The Documentary Project aims to capture the stories of various ambassadors and high commissioners who are committed to promoting peace and justice around the world. Through in-depth interviews and conversations, the project seeks to understand how these individuals are contributing to a more peaceful and equitable world, and what challenges they have faced along the way.
By highlighting their perspectives and experiences, the project hopes to inspire viewers to think about how they too can contribute to creating a more peaceful and just world. Ultimately, the Documentary Project aims to spread a message of hope and optimism, showing that even in the face of adversity, individuals can make a difference and promote positive change in the world.
As part of my documentary project on peace, diversity, and inclusion, I had the privilege of interviewing several ambassadors and high commissioners in New Zealand.
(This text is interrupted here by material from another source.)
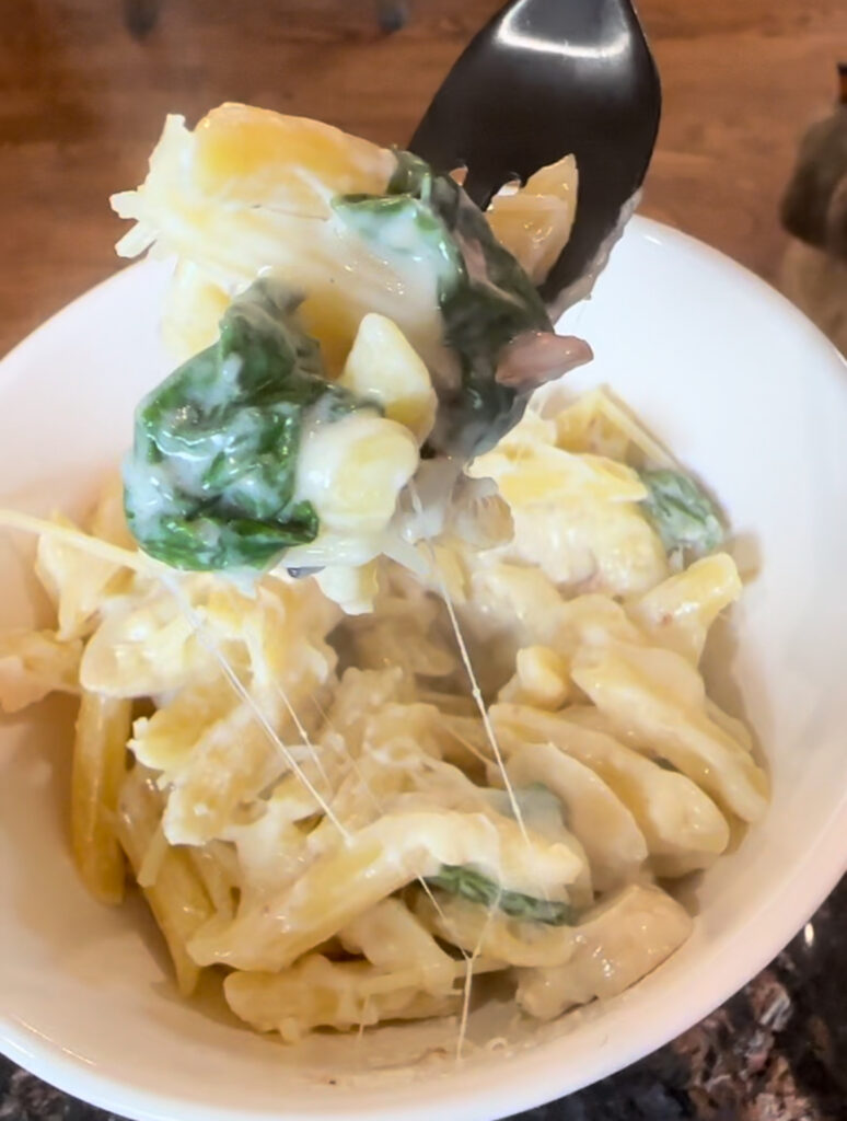 I have made this twice. Love how quick everything comes together. I used broccoli the first time, as some of the family do not care for spinach. The next ti.e i used left over rotisserie chicken and peas. Thank you for sharing your recipes as well as your journey since Quinton passed away. My husband passed away 19 mths ago. Keeping you and the kids in my prayers.

One of my first interviews was with Hon Phil Twyford, Minister for Disarmament and Arms Control, Minister of State for Trade and Export Growth, and Associate Minister for the Environment, and Immigration. We had a great conversation at the New Zealand Parliament about the government’s efforts to promote peace and combat climate change.
Another interview was with H.E. Miguel Bauza More, Ambassador of Spain in Wellington. Despite only having arrived in New Zealand six months ago, the ambassador surprised me with his thoughtful answers during the interview. I wished him a pleasant stay in New Zealand and hoped to meet him again in Dunedin.
I also had the pleasure of meeting H.E. Sudesh Maniar, the High Commissioner of Singapore. As a country that represents diversity and inclusion, Singapore was an important interview for my project. I was impressed by the Singapore High Commission, which was grand and impressive.
At the Embassy of Switzerland in Wellington, I interviewed Deputy Head of Mission, Mrs Sandra Chawla-Gantenbein, about Switzerland’s commitment to promoting peace and its alignment with the UN’s goals and values. She also kindly gave me several gifts and souvenirs from the embassy.
I had the opportunity to discuss policy and procedures related to peace, diversity, and inclusion with H.E. Mrs Omur Unsay, Ambassador of the Republic of Turkey. She was a sweet and kind ambassador, and it was a great pleasure to meet her.
Meeting H.E. Rashed Alqemzi, the Ambassador of the United Arab Emirates in Wellington, was initially nerve-wracking for me. However, his warm welcome and the coffee he offered helped calm my anxiety. We had a great conversation about peace and the UAE’s role in promoting it.
In addition to meeting with ambassadors and high commissioners, I also had the chance to chat with Tonga Karena and Pund Wano-Bryant about Parihaka. We discussed the peaceful resistance of the western Taranaki settlement against the confiscation of Māori land and the subsequent invasion by 1600 troops.
During my interview with H.E. Jesus S. Domingo, Philippine Ambassador to New Zealand, Cook Islands, Fiji, Niue, Samoa & Tonga, we discussed peace and the best way of achieving it. He was an energetic and enthusiastic ambassador who I greatly enjoyed speaking with. I was also excited to read his book on the topic.
I also had the pleasure of meeting Her Excellency Mrs Nina Obermaier, the Ambassador of the European Union to New Zealand. She was a remarkable woman with great leadership skills and unique perspectives on promoting peace. During our conversation, she stressed the importance of understanding the different shades of gray in complex issues.
Finally, I met with HE Ms Nur Izzah Wong Mee Choo, High Commissioner of Malaysia, for a three-hour conversation about peace and diversity. She was incredibly kind and shared her expertise and information on the topic, leaving me feeling positive about moving forward with my project. During the interview, she shared her perspective on what the most important thing to teach young people today is, which was quite different from my expectations.